In mechanical quantum structure the atom is explained by analogy with system of waves stationary. Much of the advancement in modern physics is based on elaborations of wave theory and wave motion. (See also Earthquake .

Experimental examples

Wave pulse reflection

Wave Types

Quickly shaking a rope generates an undulatory pulse that progresses down the rope to the left ( A ).

If the end of the rope can move freely, the pulse returns through the rope on the same side ( C1 ). If the rope is tied to the wall, the pulse returns through the rope on the opposite side ( C2 ). If the end is free, the pulse will be twice the original amplitude at the reflection point ( B1 ); if the end is fixed, the amplitude of the pulse at that point will be zero ( B2 ).

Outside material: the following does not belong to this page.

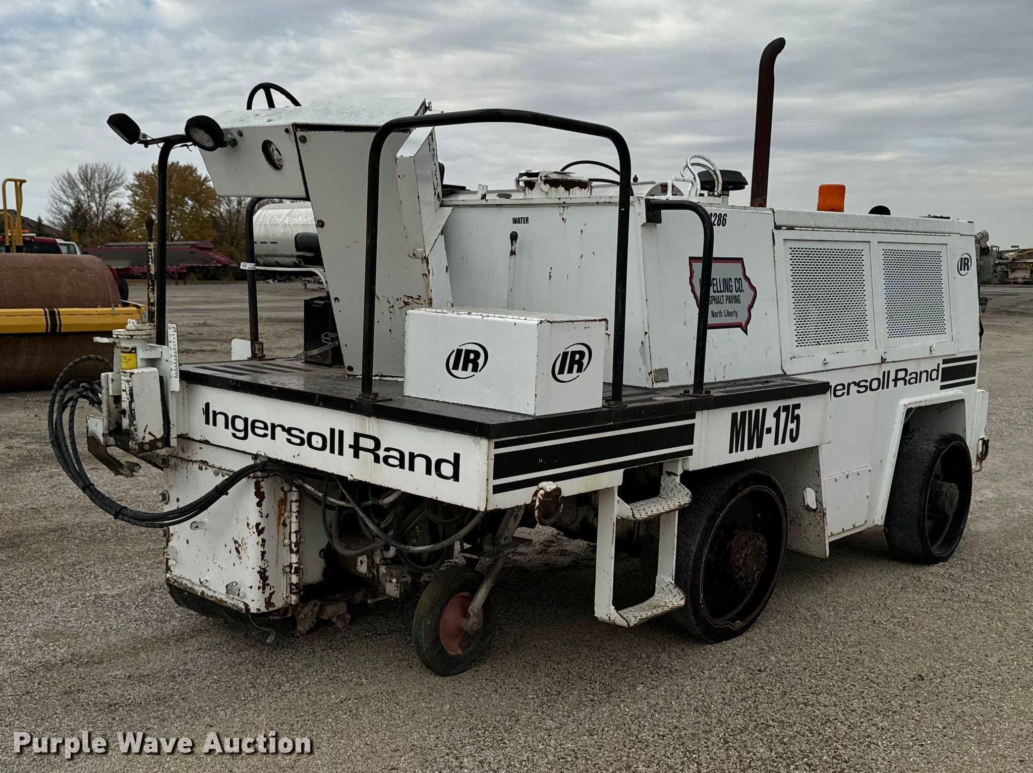 1991 Ingersoll-Rand MW-175 milling machine. Hours: 3,309 on meter, Engine hours: 562 on meter, Serial: 5120-S, Unit #: 24286. Engine Detroit Diesel, Fuel type: Diesel. Transmission Hydrostatic, Two speed travel. Features Cutting head Width: 20", Cutting speeds: 1, Carbide, Water/emulsion application system, Grade & slope controls, Hydraulic leveling. Notes Dead battery. L.L. Pelling Company, Inc.. North Liberty, IA 52317

Interference from point sources

This interference pattern was formed by moving two rods rhythmically up and down in a tray of water . Similar effects can be observed by putting two fingers in and out of the water or watching two ducks swimming in a pond close to each other.

Interference from point sources.

Constructive interference

The waves from a point source (the rod, the finger or duck) interfere with those from the other source. If two ridges come together at one point, they overlap to form a very high ridge; if two valleys come together, they overlap to form a very deep valley ( constructive interference ). The bright and dark rings are zones of constructive interference.

Destructive interference

If the crest of one source reaches one point at the same time as the valley of the other, they cancel each other out ( destructive interference ). Radial dark lines are zones of destructive interference.

Wave interference

Wave interference.

When two pulses going down a string meet, their amplitudes add together to form a resulting pulse. If the pulses are identical but advance on opposite sides of the string, the sum of the amplitudes is zero and the string will appear flat for a moment ( A ). This is known as destructive interference. When two identical pulses move on the same side, the sum of amplitudes is twice that of a single pulse ( B ). This is called constructive interference.